Hacker News new | past | comments | ask | show | jobs | submit login

Anyone who’s done large scale model training like this, an you shed light on following questions:

What is the process like? Do you prototype locally? How do you confidence that the only limitation to good results is more compute power and NOT the model architecture or applicability of deep learning to a particular task? At what point do you decide that shelling many tens of thousands is OK? How often do you do large scale training only to find non-impressive results and hence the money wasted?




There’s a natural way to parallelize these models so that using 128 GPUs is the same as a 128x batch size. You can similarly simulate 128x batch size by accumulated gradients before backpropping. So you can test on just one or a few GPUs before you run the full thing.

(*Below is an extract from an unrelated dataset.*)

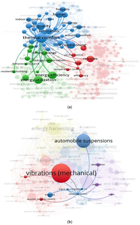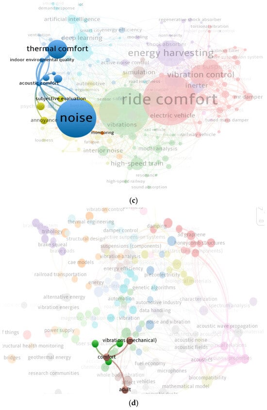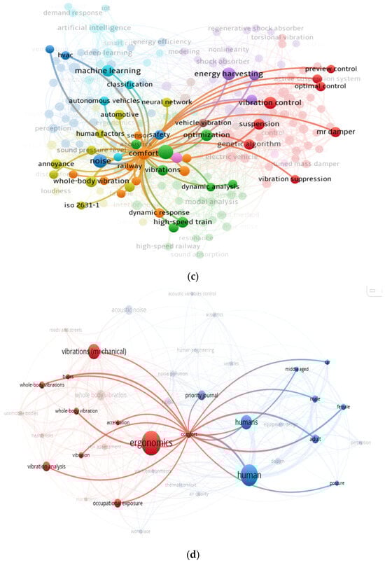 Bibliometric analysis of keywords and top cited authors for research on thermal, vibrational, and acoustic comfort in vehicles. Source: Scopus, Web of Science. (a) Thermal comfort. (b) Vibrational comfort. (c) Acoustic comfort. (d) Thermal, Vibrational, and Acoustic comfort.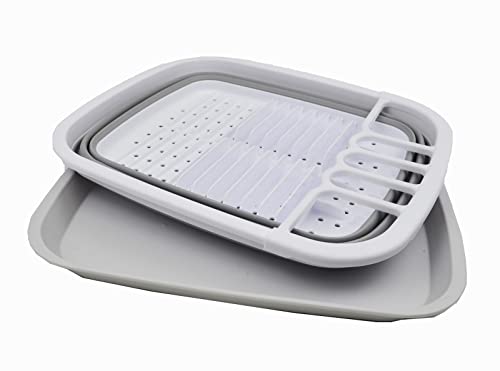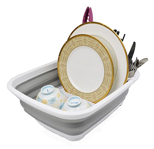 SAMMART 8L (2.1 gallons) Collapsible Platic Dish Drainer with Draining Board - Foldable Drying Rack Set - Portable Dinnerware Organizer - Pop Up Saving Kitchen Storage Tray

By that point you know it’s going to work, it’s just a matter of how well and whether you could’ve done nominally better with different tuning.

There’s been enough research leading up to this paper to suspect that just scaling larger would play out.


Thanks.

>By that point you know it’s going to work, it’s just a matter of how well and whether you could’ve done nominally better with different tuning.

This can't be true in all cases, right? I'm assuming that for many initially promising results on less-compute when they scale it, the results aren't impressive. I'm very curious to know what is the trials-to-success rate of publishable results when big-compute is thrown in the mix.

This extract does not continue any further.